**What you have to do**
In the entries that follow, find the line containing "Inheritance diagram for" and the line containing "A Fine English", then retype exactly the lines from the first through the second, pictures excluded.

**Available data**

--*--

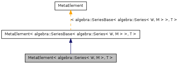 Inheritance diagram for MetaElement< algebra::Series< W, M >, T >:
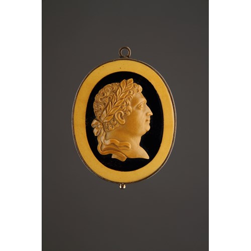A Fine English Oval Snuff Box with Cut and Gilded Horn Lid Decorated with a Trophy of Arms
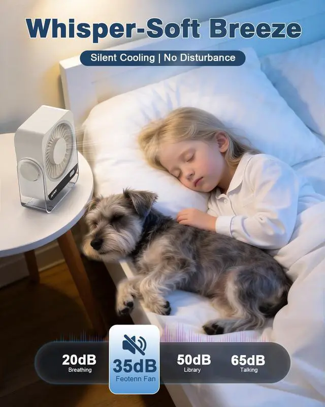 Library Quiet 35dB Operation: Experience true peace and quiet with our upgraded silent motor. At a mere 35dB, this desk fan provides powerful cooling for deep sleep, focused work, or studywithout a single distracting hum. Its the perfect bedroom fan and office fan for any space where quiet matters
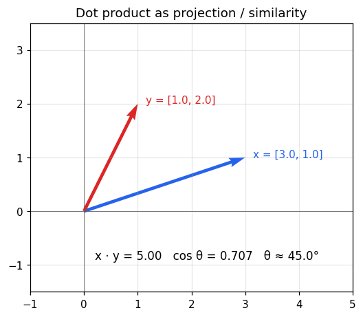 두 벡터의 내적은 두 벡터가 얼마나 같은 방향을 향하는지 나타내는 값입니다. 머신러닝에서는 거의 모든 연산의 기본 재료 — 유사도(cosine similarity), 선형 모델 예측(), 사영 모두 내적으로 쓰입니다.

--*--

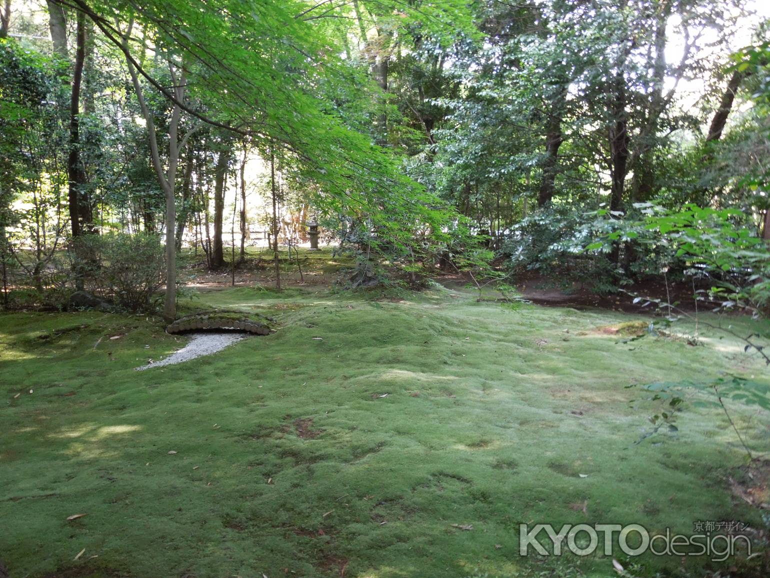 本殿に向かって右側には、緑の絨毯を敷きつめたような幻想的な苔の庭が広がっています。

--*--

**Response**
 Inheritance diagram for MetaElement< algebra::Series< W, M >, T >:
A Fine English Oval Snuff Box with Cut and Gilded Horn Lid Decorated with a Trophy of Arms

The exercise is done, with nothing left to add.